Summary
Highlights
The video introduces solving equations with algebraic fractions, building on a previous video about algebraic fraction operations. The first step typically involves combining fractions on one side by finding a common denominator.
The first example demonstrates combining two fractions with numerical denominators (6 and 4). The lowest common multiple (LCM) is 12. The numerators are adjusted, expanded, and like terms are collected. The equation is then solved for x, yielding x = 5.4.
This example increases difficulty with numerical denominators 6 and 9, using an LCM of 18. Emphasis is placed on careful handling of negative signs when expanding brackets. The solution is found to be x = 4.

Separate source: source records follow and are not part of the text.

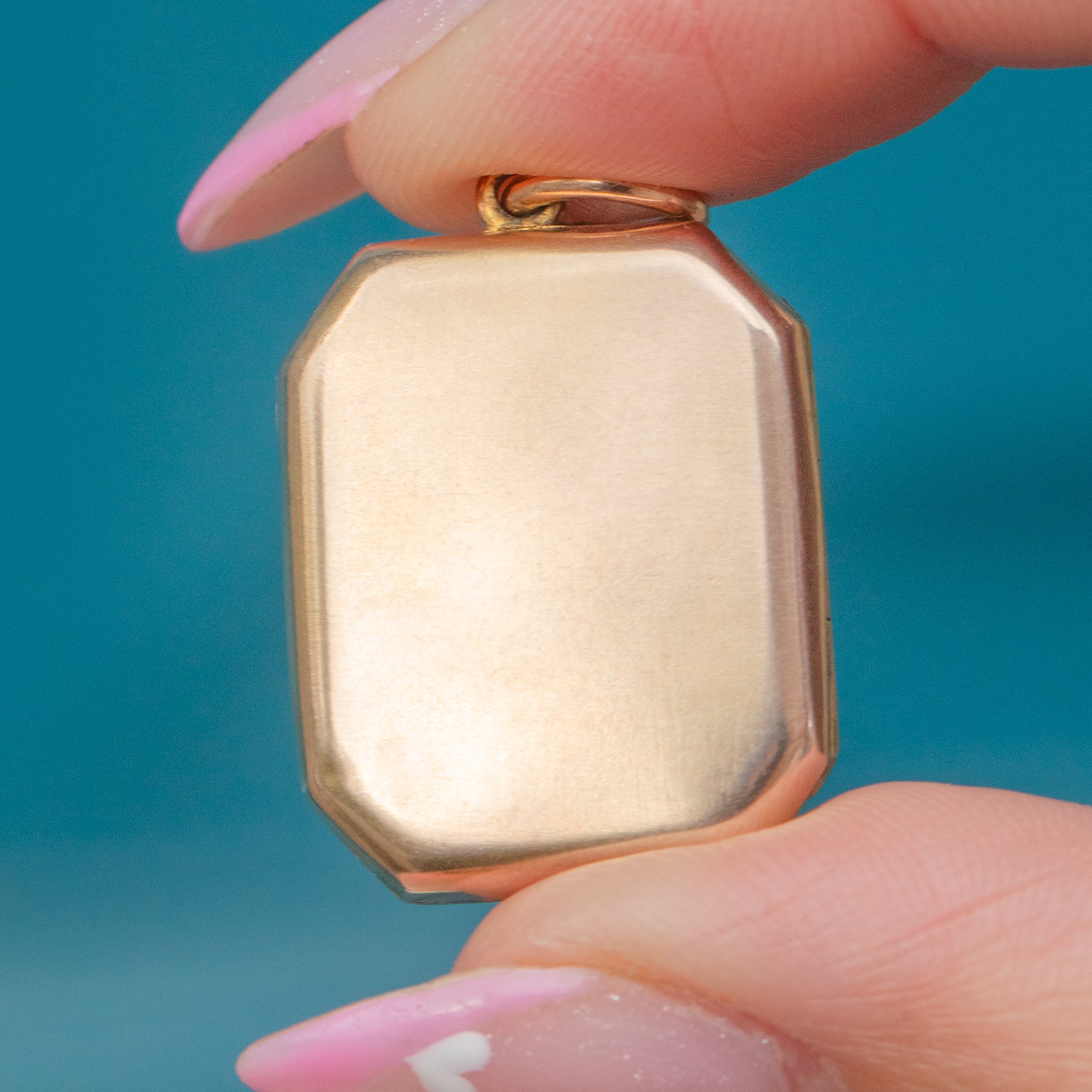 This lovely Edwardian 9ct Gold locket features a charming flower motif set with glowing Garnets haloing a central Opal. The rectangular form gives it a refined silhouette, while the gemstones add a delicate burst of colour and light. The locket opens smoothly to reveal space for two photographs or mementos, a classic expression of Edwardian romance and sentimentality.
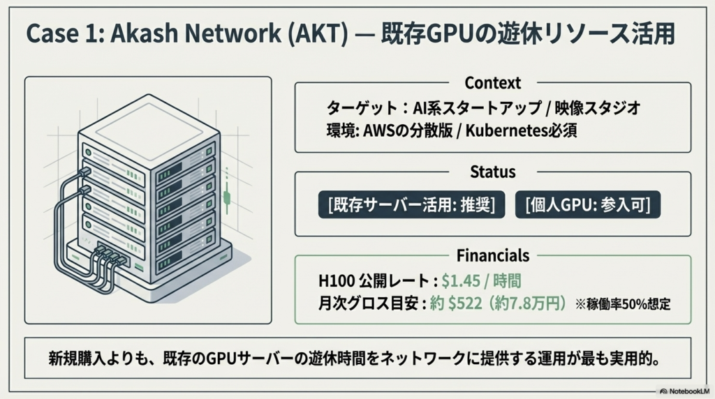 AWSの分散版として設計されたマーケットプレイス。GPU・CPUなどのコンピューティングリソースをネットワークに出品し、利用者の入札を受けて計算処理を提供する。Kubernetes必須。H100の公開レートは時間1.45ドル。稼働率50%で月次グロス約522ドル(約7.8万円)。既存GPUサーバーの遊休リソース活用が実用的。個人向けGPUでも参画可能。AI系スタートアップや映像スタジオがクライアント。
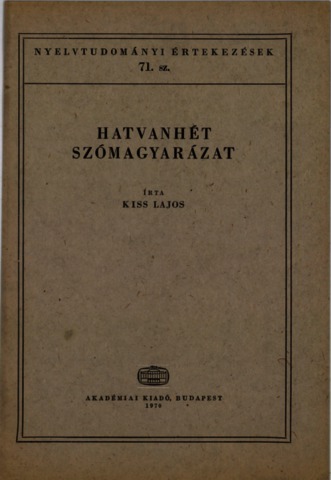 Kiss, Lajos (1970) Hatvanhét szómagyarázat. Nyelvtudományi értekezések (71). Akadémiai Kiadó, Budapest.
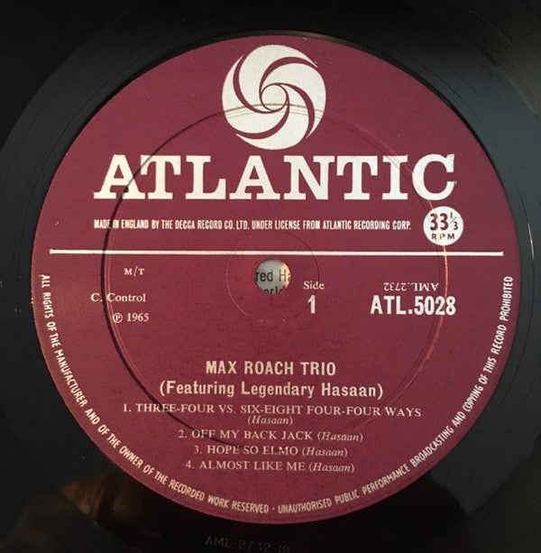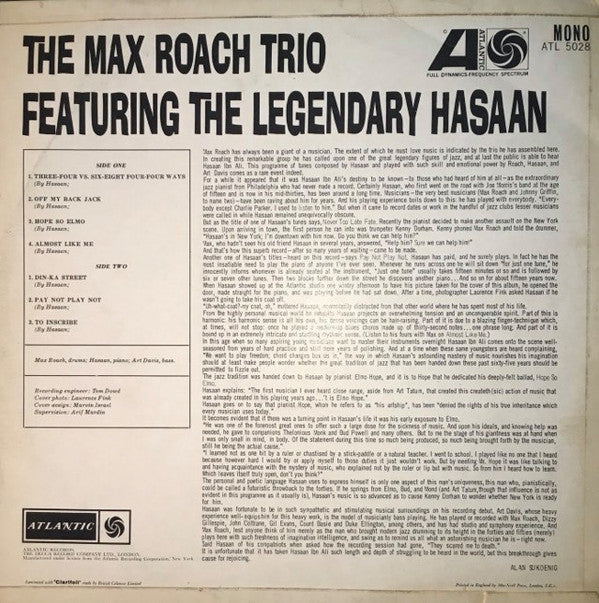 The Max Roach Trio Featuring Hasaan Ibn Ali - The Max Roach Trio Featuring The Legendary Hasaan (LP, Album, Mono)

The third example introduces algebraic denominators (x+2 and x+5). The common denominator is their product. After combining fractions, expanding, and simplifying, the equation transforms into a quadratic equation, which is then factorized to find solutions x = -4 and x = 1.
This advanced example involves algebraic denominators leading to a quadratic equation that doesn't factorize simply. The video demonstrates using the quadratic formula, simplifying surds, and matching the answer to a specified format (a ± √13 / b). The solution involves x = (2 ± √13) / 3.
The final example presents a very complex equation with algebraic denominators and a fractional constant on the right side. The process involves finding a common denominator, expanding, clearing fractions by multiplying, and simplifying terms to obtain a quadratic equation. This quadratic is then factorized to find solutions x = 8.5 and x = 1/3.